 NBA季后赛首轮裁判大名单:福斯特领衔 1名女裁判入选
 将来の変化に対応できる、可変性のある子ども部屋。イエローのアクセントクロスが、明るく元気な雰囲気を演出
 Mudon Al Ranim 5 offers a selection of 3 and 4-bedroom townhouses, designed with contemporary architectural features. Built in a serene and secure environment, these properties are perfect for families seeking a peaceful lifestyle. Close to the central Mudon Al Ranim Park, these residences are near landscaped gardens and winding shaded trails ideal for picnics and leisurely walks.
+ + + + +
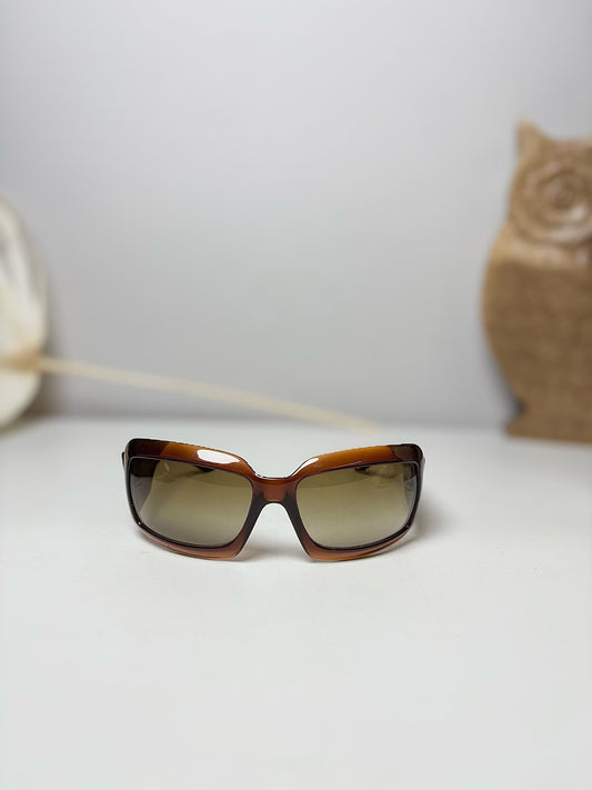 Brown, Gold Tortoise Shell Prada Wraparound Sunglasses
+ + + + +
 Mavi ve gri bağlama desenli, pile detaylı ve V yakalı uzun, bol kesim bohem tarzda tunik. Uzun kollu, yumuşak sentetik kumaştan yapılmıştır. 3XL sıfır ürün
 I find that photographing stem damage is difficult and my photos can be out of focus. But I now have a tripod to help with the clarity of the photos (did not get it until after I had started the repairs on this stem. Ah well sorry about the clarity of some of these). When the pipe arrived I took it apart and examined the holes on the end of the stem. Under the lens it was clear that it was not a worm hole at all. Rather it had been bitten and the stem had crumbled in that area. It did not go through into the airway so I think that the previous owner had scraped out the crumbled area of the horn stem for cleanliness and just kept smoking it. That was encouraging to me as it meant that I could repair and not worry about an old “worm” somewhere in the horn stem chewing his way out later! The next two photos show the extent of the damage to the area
+ + + + +
**WORK ITEM:** Please, from the entries above, set down exactly the lines from the one containing "NBA季后赛首轮裁判大名单:福斯特领衔 1名女裁判入选" through the one containing "将来の変化に対応できる、可変", and only those.

**ANSWER BELOW:**
 NBA季后赛首轮裁判大名单:福斯特领衔 1名女裁判入选
 将来の変化に対応できる、可変性のある子ども部屋。イエローのアクセントクロスが、明るく元気な雰囲気を演出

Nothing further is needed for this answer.